A second path to investigate would be to do some network experimentations, like disabling your wireless router or otherwise force your system's wireless network to drop, let avahi come on, and start an x client to see if you can trigger the bug deliberately that way. Then see if you can disable avahi (stop avahi-daemon), then repeat the experiment and see if the .ICE-unix error still occurs or not when starting x clients. Depending on how this experiment turns out, the next step would be to contact the avahi developers about a fix (maybe there's a patch already on their mailing list?)

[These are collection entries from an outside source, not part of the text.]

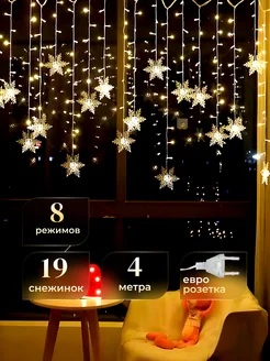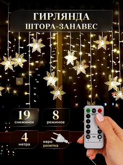Гирлянда интерьерная штора занавес 4 метра снежинки
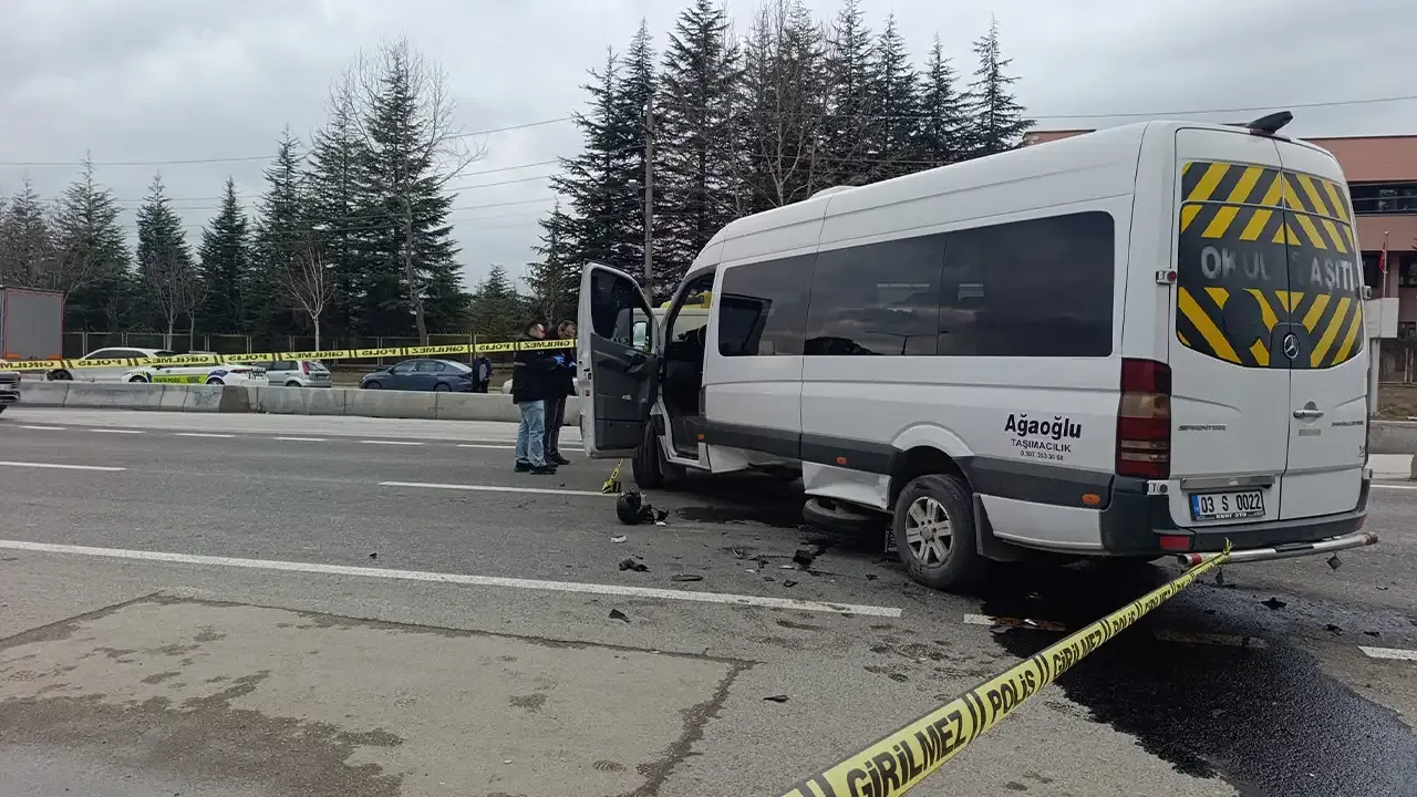 Afyonkarahisar’da minibüsün motosiklete çarpması sonucu bir kişi yaralandı. Z.T. idaresindeki 03 S 0022 plakalı okul servis aracı, Mareşal Fevzi Çakmak Bulvarı’nda F.Y. (22) yönetimindeki 34 AL 1208 plakalı motosikletle çarpıştı.
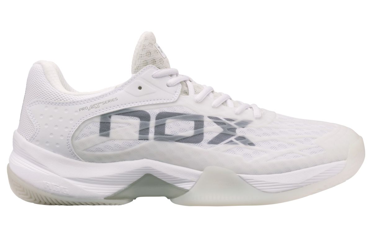 Buty NOX zostały specjalnie zaprojektowane, aby zminimalizować ryzyko kontuzji i zoptymalizować wydajność gracza na korcie padlowym. Przetestowane w laboratorium, posiadają certyfikaty kliniczne Centrum Technologii Obuwia INESCOP w Alicante w Hiszpanii. Dzięki zastosowaniu technologii LATERAL SUPPORT model AT10 Lux jest bardzo stabilny, szczególnie podczas ruchów bocznych. Cholewka została wykonana z oddychającej siateczki i posiada elastyczne, gumowe wzmocnienia ABRAXONE w najbardziej narażonych na przetarcia okolicach palców oraz po wewnętrznej stronie stopy. Wewnętrzna wkładka ORTHOLITE o właściwościach antybakteryjnych i zmniejszających uczucie zmęczenia zapewnia świetny komfort podczas gry, a technologia AGG umieszczona pod piętą redukuje przeciążenia i wspomaga amortyzacją. Bieżnik Optimal GRIP gwarantuje doskonałą przyczepność na nawierzchniach padlowych.
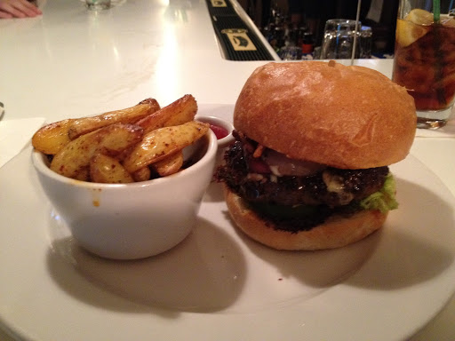 When the chef gingerly placed the dish in front of me, announcing “Juicy Lucy” as if he was saying “foie gras, Monsieur,” I noticed what had to be the perfect model of a burger posing as a still life. The burger was fully assembled, not open-faced waiting for a picky eater to pluck out the onions or dump a bottle of ketchup on it. The Lola Rosa lettuce was trimmed so its edges did not fall over the patty and lower half of the bun, as lettuce does with most burgers. Someone put this burger together thinking that it was not just a burger but also a work of art. There, I said it.
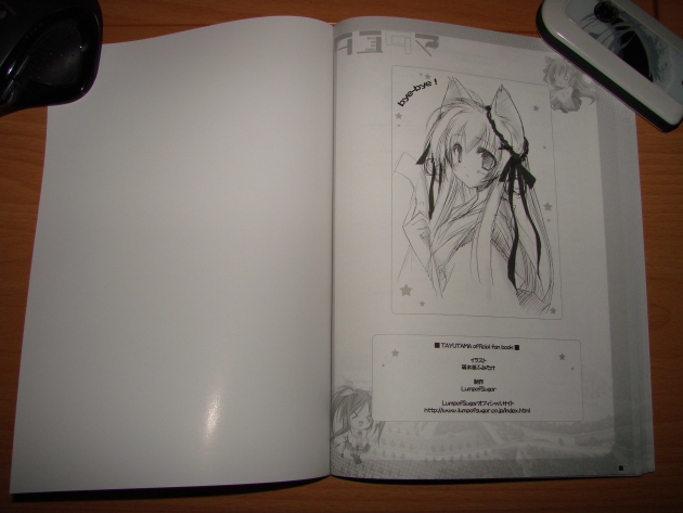 Der First Print Limited Edition lag ebenfalls ein Official Fan Book bei, welches schwarz/weiss Zeichnungen und CGs aus dem Eroge enthält. Das Fan Book habe ich mal kurzerhand einfach komplett abgeknipst, da es sowieso nicht sonderlich dick war und somit keine wirkliche aufwendige Arbeit war.

A third path would be to set up a system *properly* configured with working avahi, and see if the problem occurs there as well. If it does, then the fault may lay with gnome-session, rather than avahi. Perhaps gnome-session or libice get confused by ipv6 or something - if it is possible to run avahi with ipv4, it might be of interest to repeat this experiment alternating between ipv4 and ipv6 to see if the issue occurs only on the latter.